RECORDED DATA
────

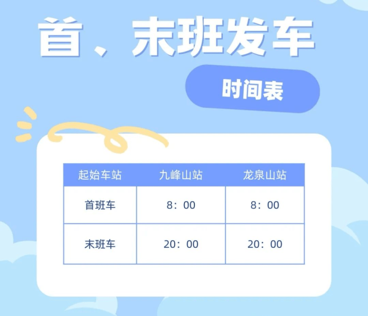 光谷空轨开通运营初期,每天运营时间为:8:00—20:00,发车间隔为10分钟,后期根据实际情况可调整运营时间和时刻表。
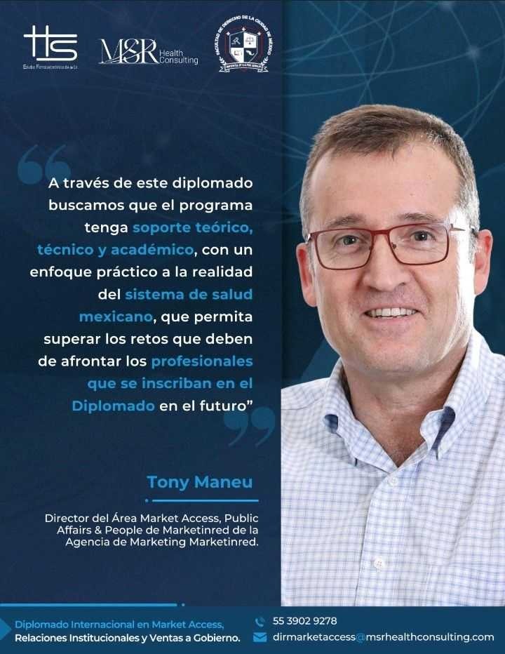 “A través de este diplomado buscamos que el programa tenga soporte teórico, técnico y académico, con un enfoque práctico a la realidad del sistema de salud mexicano, que permita superar los retos que deben de afrontar los profesionales que se inscriban en el Diplomado en el futuro”, señaló Toni Maneu, Director del Área Market Access, Public Affairs & People de Marketinred de la Agencia de Marketing Marketinred.
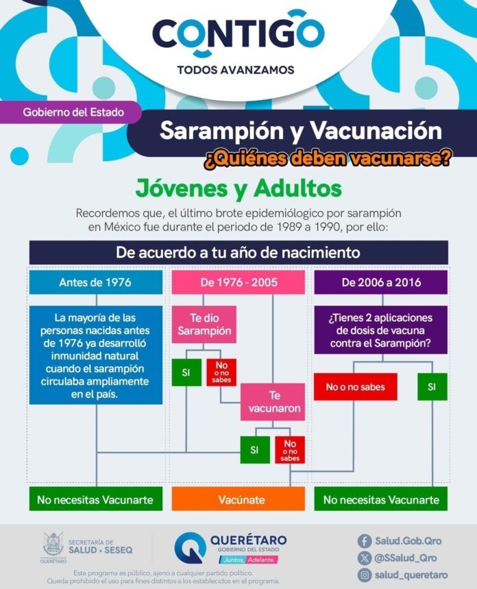 El sarampión es una enfermedad prevenible mediante la vacunación; por ello, la Secretaría de Salud exhorta de manera puntual a madres, padres y tutores a revisar la Cartilla Nacional de Salud de niñas y niños, así como a la población general menor de 49 años, a acudir de forma oportuna a los servicios de salud para iniciar o completar los esquemas de vacunación correspondientes. Las vacunas se encuentran disponibles de manera gratuita en los 198 Centros de Salud del estado de Querétaro.

────

TRY IT
Transcribe the listing above in full and exactly; no pictures belong in the copy.

EXERCISE ANSWER
 光谷空轨开通运营初期,每天运营时间为:8:00—20:00,发车间隔为10分钟,后期根据实际情况可调整运营时间和时刻表。
 “A través de este diplomado buscamos que el programa tenga soporte teórico, técnico y académico, con un enfoque práctico a la realidad del sistema de salud mexicano, que permita superar los retos que deben de afrontar los profesionales que se inscriban en el Diplomado en el futuro”, señaló Toni Maneu, Director del Área Market Access, Public Affairs & People de Marketinred de la Agencia de Marketing Marketinred.
 El sarampión es una enfermedad prevenible mediante la vacunación; por ello, la Secretaría de Salud exhorta de manera puntual a madres, padres y tutores a revisar la Cartilla Nacional de Salud de niñas y niños, así como a la población general menor de 49 años, a acudir de forma oportuna a los servicios de salud para iniciar o completar los esquemas de vacunación correspondientes. Las vacunas se encuentran disponibles de manera gratuita en los 198 Centros de Salud del estado de Querétaro.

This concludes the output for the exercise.